À qui s’adresse vraiment Disciples: Domination ?

Après une vingtaine d’heures, ma sensation est assez claire : ce n’est pas un mauvais jeu, mais c’est un jeu qui demande énormément de patience pour ce qu’il donne en retour.

Je vois trois profils à qui il peut malgré tout plaire :

  • Les fans acharnés de Disciples: Liberation qui veulent absolument retrouver Avyanna et Nevendaar, même dans une version plus sage et plus répétitive.
  • Les amateurs de RPG tactiques très lents, qui apprécient les affrontements méthodiques, quitte à ce qu’ils s’éternisent, et qui supportent bien la répétitivité.
  • Les joueurs qui adorent optimiser des compositions d’armées et trifouiller des systèmes de troupes/backline/leadership plus que vivre une grande histoire ou profiter d’un rythme soutenu.

Si tu cherches au contraire un jeu de stratégie au tour par tour punchy, avec des combats qui s’enchaînent de manière nerveuse, ou un RPG où la narration et les choix pèsent vraiment lourd, Domination risque largement de te frustrer.
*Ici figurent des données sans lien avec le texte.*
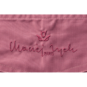 長さの調整ができるダブルボタン仕様。ポケット回りは丈夫なダブルステッチ仕上げ。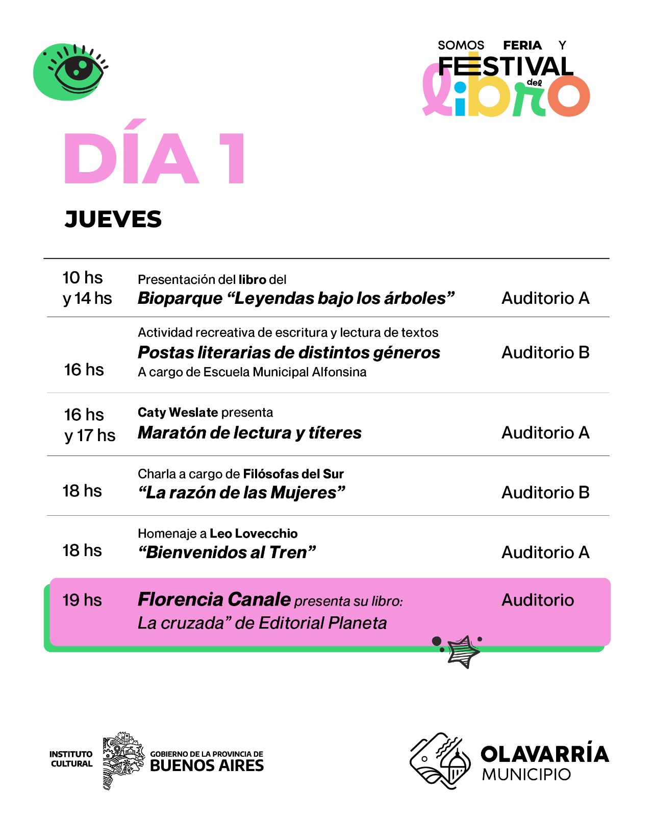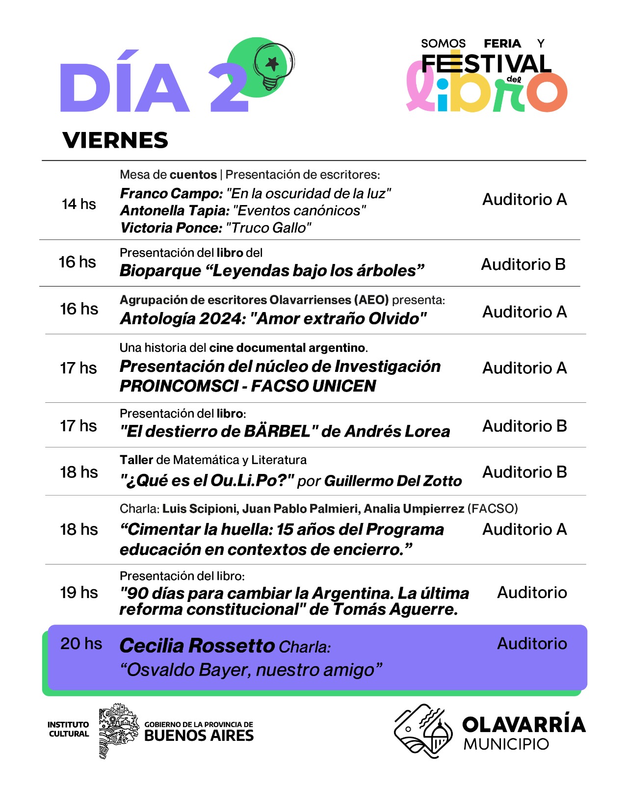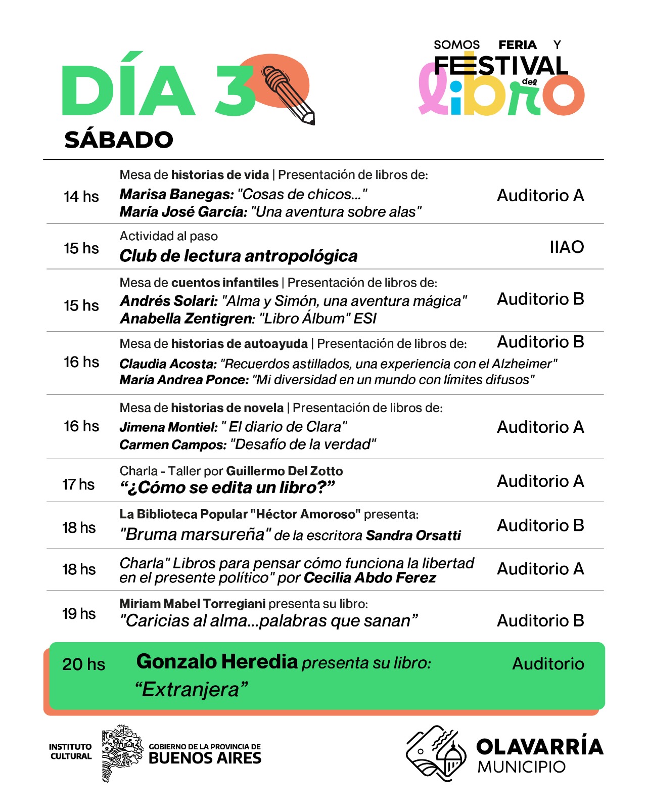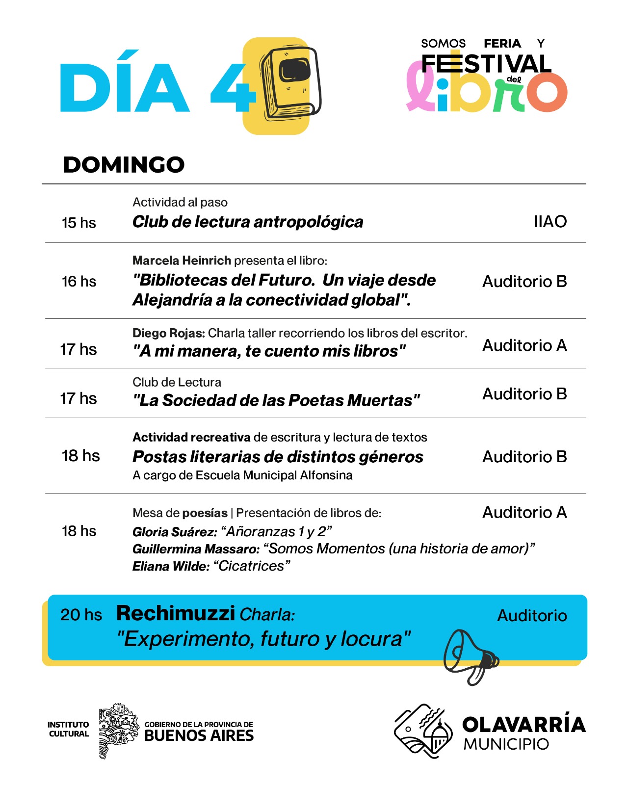 El programa de la 29° edición de la Feria Libros en Olavarría y 4° Festival del Libro continuará de la siguiente forma:

Verdict : une domination très relative

Disciples: Domination, c’est ce jeu qui semblait avoir tout pour me happer : univers dark fantasy solide, chouette direction artistique, gestion de forteresse, mélange de factions dans une même armée, système de backline malin, décisions de trône pour te faire sentir souverain… Sur le papier, c’était exactement mon truc.

Après des heures de jeu, je ressors avec un sentiment de déception. Pas parce que tout est raté – loin de là – mais parce que les éléments qui auraient dû porter l’expérience, à commencer par les combats, finissent par l’étrangler. Les affrontements s’étirent, se répètent, peinent à se renouveler, et tous les bons systèmes qui gravitent autour (gestion du château, décisions politiques, variété des troupes) n’arrivent jamais à faire oublier cette lassitude.

Domination ressemble trop à une grosse extension un peu paresseuse de Liberation, avec un vernis plus propre mais moins de mordant côté RPG et une structure qui ne se remet pas assez en question. Si tu t’accroches et que tu acceptes ses défauts, tu peux y passer quelques bonnes soirées à optimiser tes armées et explorer Nevendaar. Mais on est loin du jeu de stratégie/RPG que j’aurais pu recommander les yeux fermés.

Note personnelle : 6/10

TL;DR – Disciples: Domination en bref

  • Univers dark fantasy visuellement réussi, même si un peu générique.
  • Système de combat au tour par tour avec de bonnes idées (backline, leadership, mélange de factions)… mais combats bien trop longs et répétitifs.
  • Auto-résolution quasi inutilisable, ce qui accentue la fatigue sur le grind.
  • Exploration agréable et gestion de forteresse satisfaisante, mais la pluie de ressources finit par tuer la tension.
  • Salon du trône et décisions politiques intéressants, mais moins impactants que dans Liberation.
  • Côté RPG simplifié : moins de héros, relations plus superficielles, loot rarement excitant.
  • Quelques bugs et choix d’ergonomie discutables, sans être catastrophiques.
  • Un jeu correct pour les fans patients du genre, mais une vraie occasion manquée pour la saga Disciples.